PROVIDED INFORMATION Block Start

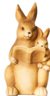
Cod: CK 943 Des: Coppia coniglietti con libro Note: 10x10x21
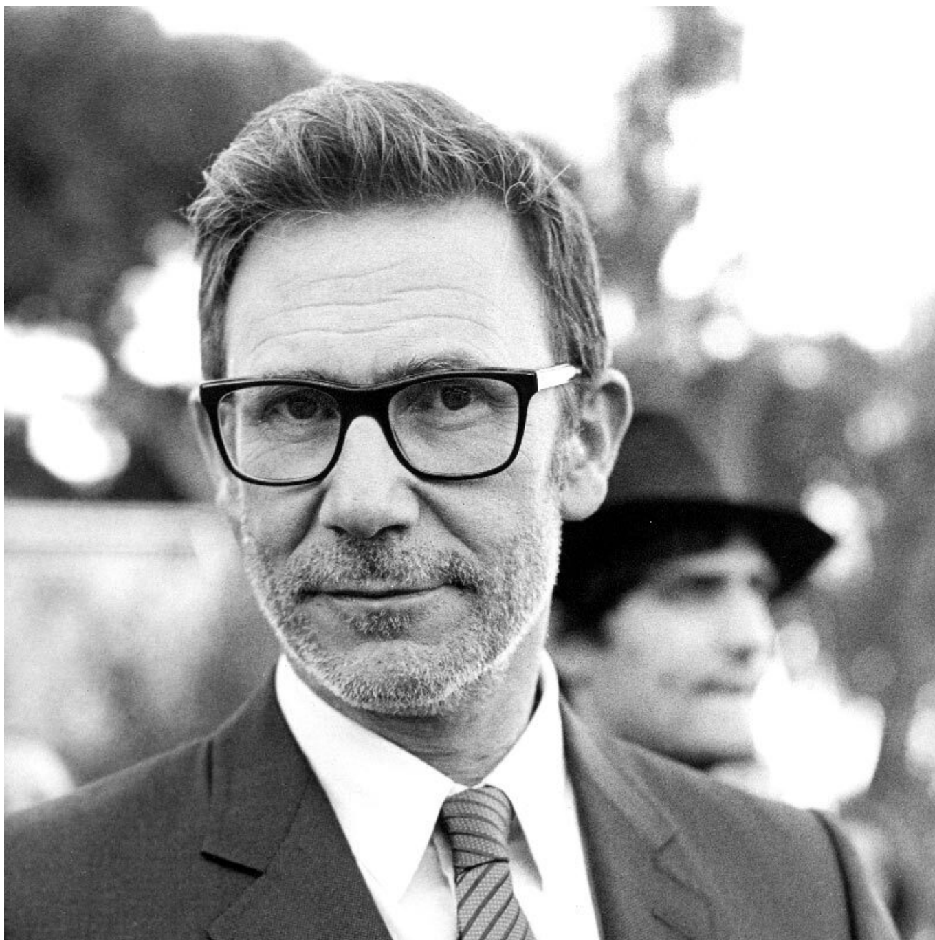
Michel Hazanavicius ©Patrice Terraz

Le célèbre réalisateur français, reconnu mondialement pour ses films comme The Artist , long-métrage aux 160 récompenses dont 5 oscars, ainsi que les deux films parodiques OSS 117 , ou encore dernièrement Coupez ! , comédie mêlant zombies et film dans le film qui a fait l'ouverture du Festival de Cannes en 2022, sera présent du samedi 25 au mardi 28 mars. À cette occasion, une nuit rythmée par quelques-uns de ses films et de nombreuses surprises est proposée au public le samedi 25 mars, dès 22h45 au Cratère. Il tiendra également une masterclass le dimanche 26 mars à 16h15, au Cratère (entrée gratuite).
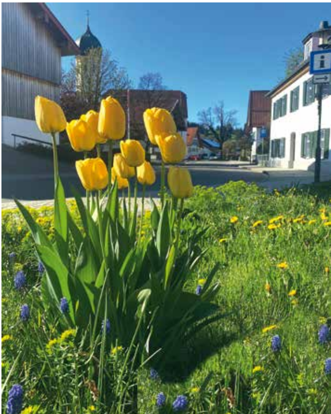
Blick auf die Kirche und Touristinformation mal aus einer anderen Perspektive
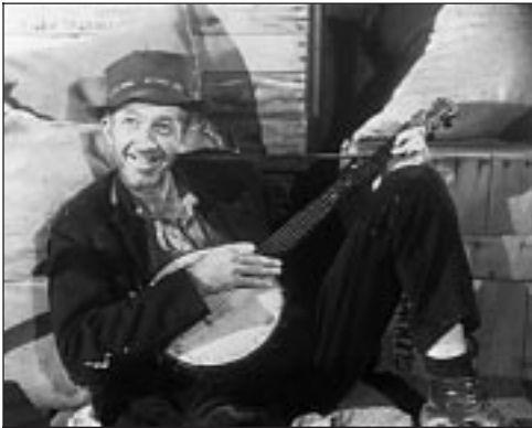
« Saint Louis Blues », une comédie musicale de John Cromwell à 11.15 sur Ciné Classics

YANKS ■■ ■■ ■■ 9.20 Ciné Cinéma 2 523193285 2.45 Ciné Cinéma 3 550962155 John Schlesinger. Avec Richard Gere (Etats-Unis, 1979, 140 min) \diamond . Amours de guerre dans l'Angleterre churchillienne.

PROVIDED INFORMATION Block End

WHAT TO PRODUCE ->
What is the number of lines above that contain "John"? Reply with that number only.

COMPLETED EXERCISE ->
2